Similarly, we look at popular game mechanics. That is, the mode of the board game or how it is played.
pal =c("#2F4F4F","#CE5FA7","#023DCF","#A4918C","#ADD8E6", "#FFA07A", "#FFD700","#6B00C2","#DDA0DD","#66E0FF","#B03B56","#DE1818","#3BA500","#EEE8AA","#000000")ggplot(games_mechanic , aes(x=yearpublished, y=count, fill=mechanic)) +geom_bar(stat="identity") +labs(title="Top 3 Game Mechanics by Year", x="Years",y="Frequency",subtitle="Dice rolling, hand management, and variable player power games are popular game mechanics.",caption="Some games are associated with multiple mechanics.") +theme_minimal() +scale_fill_manual(values=pal) +theme(legend.text =element_text(size=10),legend.title =element_text(size=14),plot.title =element_text(size=19, face="bold"),plot.subtitle =element_text(size=12),plot.caption =element_text(size=9, face="bold"),axis.title =element_text(size=14, face="bold"),axis.text =element_text(size=10)) +guides(fill=guide_legend(title="mechanic",keyheight=1, keywidth=1,ncol=1))
Fig 9. Trends of top 3 game mechanics over time (1990-2023).
We observed that dice rolling, hand management, and variable player power games are very popular.
Summary
In this example analysis, we explored the board game dataset to identify some of the best board game designers, based on quantity, rating, consistency, trends, owned status.
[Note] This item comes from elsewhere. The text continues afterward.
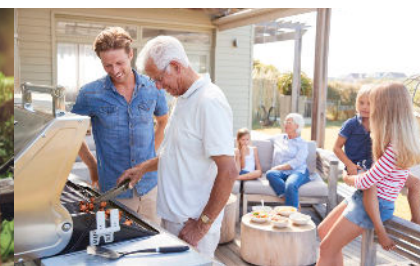
SALES CENTER ADDRESS 212 Uxbridge Dr • Sparks, NV

We listed out a few of the best designers, including Reiner Knizia, Dean Essig, Eric M. Lang, Martin Wallace, & Matt Leacock. We also identified the top three most popular game categories and mechanics, such as card game and dice rolling, respectively. Overall, we observed a positive trend of game ratings and quantity and expected the board game market to grow as projected.